Harry Knoors, Ph.D., is a Professor Emeritus at the Behavioural Science Institute of the Radboud University Nijmegen. Until May 2022, Knoors was also Academic Director of Royal Kentalis. Harry Knoors is trained as a psycholinguist, specializing in development and learning of deaf children. He is involved in research on childhood deafness, mainly language development, literacy, and psychosocial functioning, and in research on the effectiveness of education.
Harry Knoors (co)authored over 130 research articles. He co-authored and co-edited 7 books on the development of deaf children, all published by Oxford University Press (OUP). Knoors is a former associate editor of the Journal of Deaf Studies and Deaf Education, chaired the steering committee of the International Congress on Education of the Deaf, and is currently co-editor of the OUP book series Perspectives on Deafness. Together with Dr. Evelien Dirks (NSDSK), Harry Knoors is working on a book about the development of children and adolescents with cochlear implants, planned to be published by OUP in 2024.
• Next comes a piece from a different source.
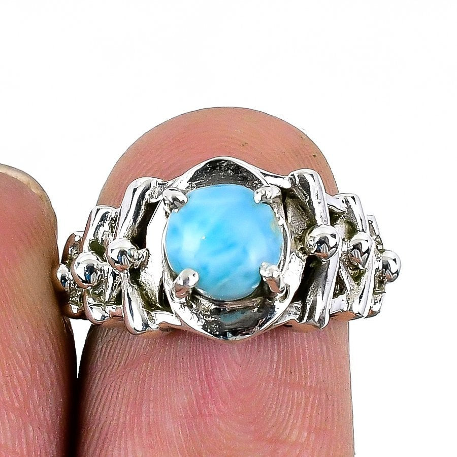 Republic Larimar Gemstone 925 Sterling Silver Statement Boho Ring Jewelry US 5.5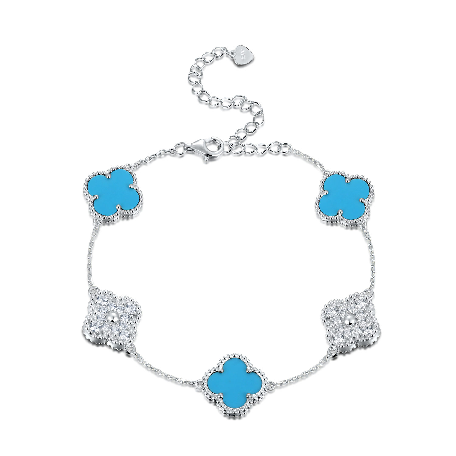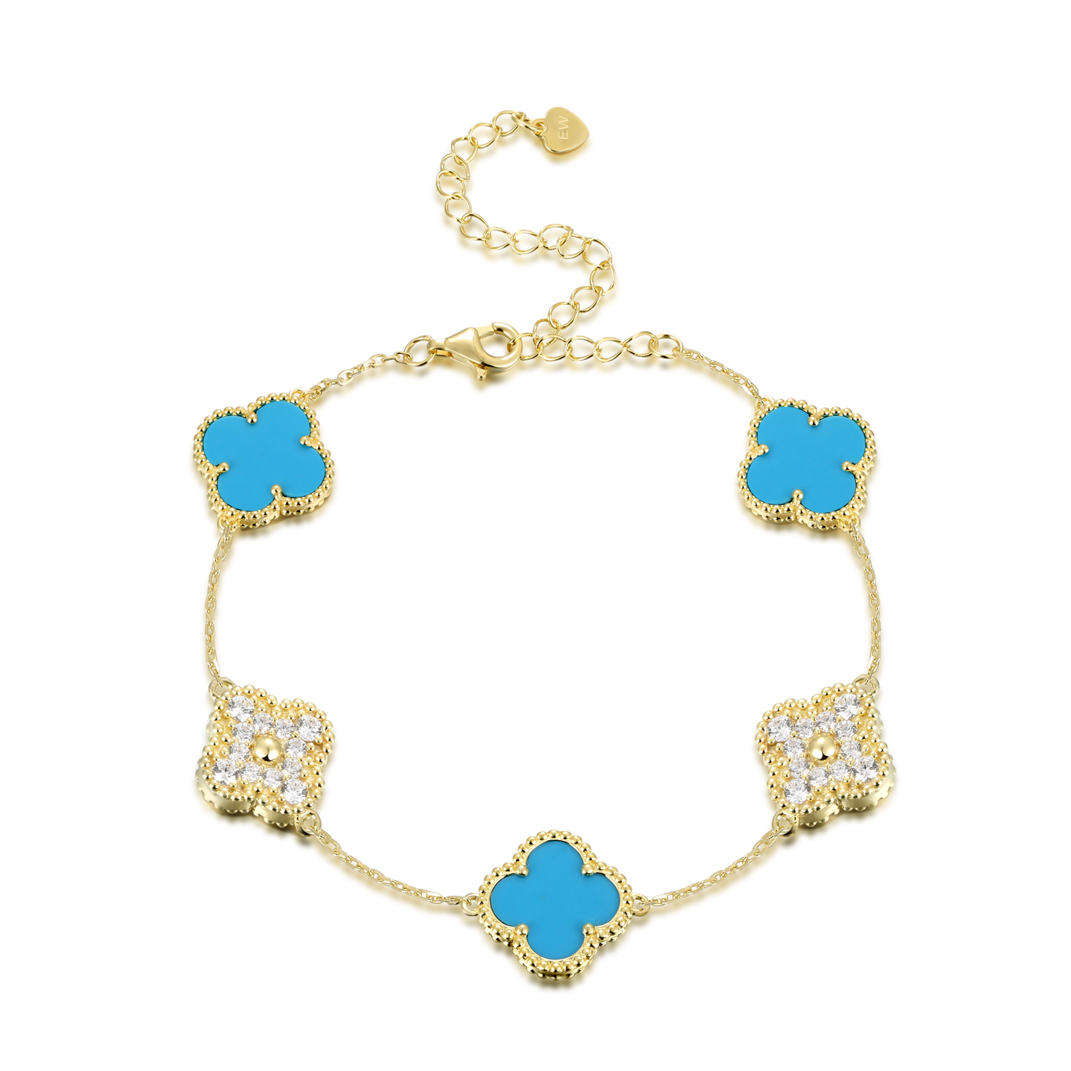 Sterling Silver White/Yellow 5-Clover Turquoise & CZ Bracelet

Summary If one reviews research on the developmental effects of pediatric cochlear implantation, one may easily get the impression that the holy grail is the assessment of spoken language, and literacy (but also cognition and psychosocial functioning) as measured by standardized norm-referenced tests in homogenous samples of monolingual children. The children are implanted very early in life, preferably bilaterally. And they are often raised in well-educated and relatively affluent families. These studies show that many of these children attain (low)-average levels of spoken language proficiency and literacy.
Our own research on developmental outcomes is carried out in rather diverse groups of deaf children. This diversity is reflected in variations in implant conditions, variations in family circumstances, and variations in linguistic environments. These groups of children are much more representative of the population of deaf children at large.
Our research shows effects of implantation that are beneficial, but more modest in magnitude. What does this tell us? Did cochlear implantation of these children fail given these more modest outcomes? Did the children fail, their parents, their educators? Do we advise parents and educators to adapt practices and principles to make them and their children to resemble as much as possible those in highly selected samples? Or would a better way forward be if we acknowledge that pediatric cochlear implantation most often takes place in contexts characterized by cultural, linguistic, and socioeconomic diversity? If we assess outcomes of cochlear implantation much broader, so that assessments appropriately reflect development of diverse children being raised and educated in diverse conditions? And if we appreciate diversity by accepting variations in implant conditions not only as something in need for change, but also as a mere fact of life, by valuing differences in child rearing practices, and by supporting multilingual and multimodal development. In this presentation I will focus mostly on the latter.